Open maciejhirsz opened 8 years ago

maciejhirsz commented 8 years ago

It would be nice for the conformance tests to allow all valid implementations of JSON. For example, the roundtrip tests include negative zero with a fraction [-0.0] and will fail for any implementation that doesn't return [-0.0] after parsing and re-serializing, which is not necessary for a valid JSON implementation.

The spec doesn't differentiate between floating points and integers, it only describes a vague number which is neither (as it doesn't include NAN or infinities, but does include decimals), therefore 0.0 and 0 are different representations of the same number and can be printed either way. There is also no mention of negative zero and whether or not it should be preserved.

In fact, the native JSON implementation in all major web browsers would fail this test as they all print simply [0], event though the base number type in JavaScript is IEEE 754 double float, and negative zero is available in the language.

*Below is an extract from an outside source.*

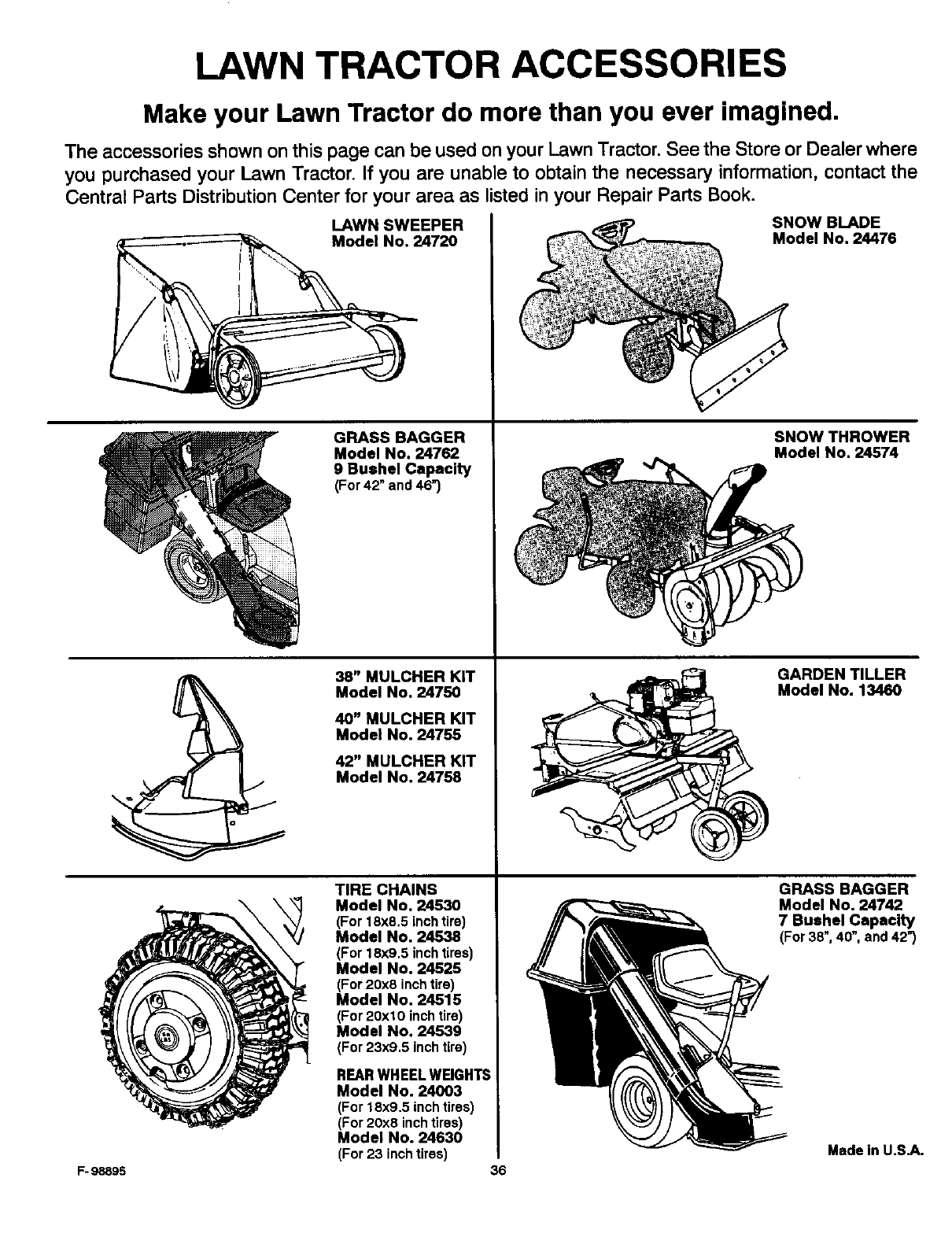 The accessories shown on this page can be used on your Lawn Tractor. See the Store or Dealer where
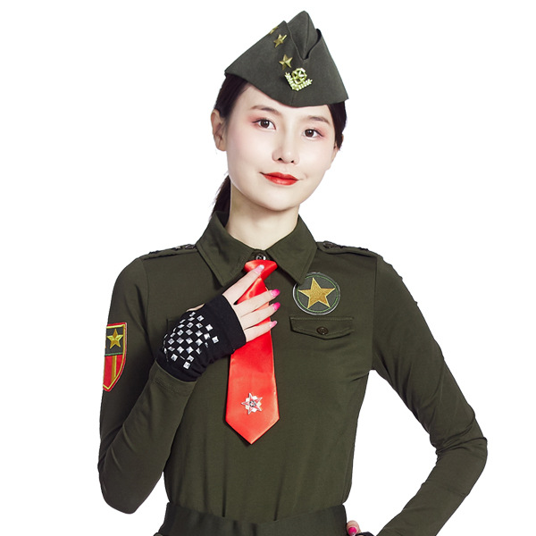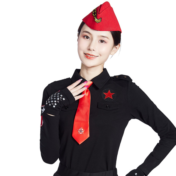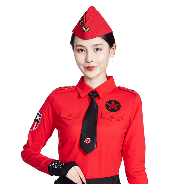 세일러 댄스 의상 여성용 티셔츠 긴 소매 레드 블랙 5 성 라펠 스퀘어 댄스 쇼 육군 팬 야외 코트

maciejhirsz commented 8 years ago

To add to that: many tests included test for high number precision, however RFC7159 states:

This specification allows implementations to set limits on the range and precision of numbers accepted. Since software that implements IEEE 754-2008 binary64 (double precision) numbers [IEEE754] is generally available and widely used, good interoperability can be achieved by implementations that expect no more precision or range than these provide, in the sense that implementations will approximate JSON numbers within the expected precision. A JSON number such as 1E400 or 3.141592653589793238462643383279 may indicate potential interoperability problems, since it suggests that the software that created it expects receiving software to have greater capabilities for numeric magnitude and precision than is widely available.

Note that when such software is used, numbers that are integers and are in the range [-(253)+1, (253)-1] are interoperable in the sense that implementations will agree exactly on their numeric values.

A lot of the included conformance tests, test for values outside of that scope, such as max values for (un)signed 64 integers. It's good to have higher precision when available, but it is not required by the specification.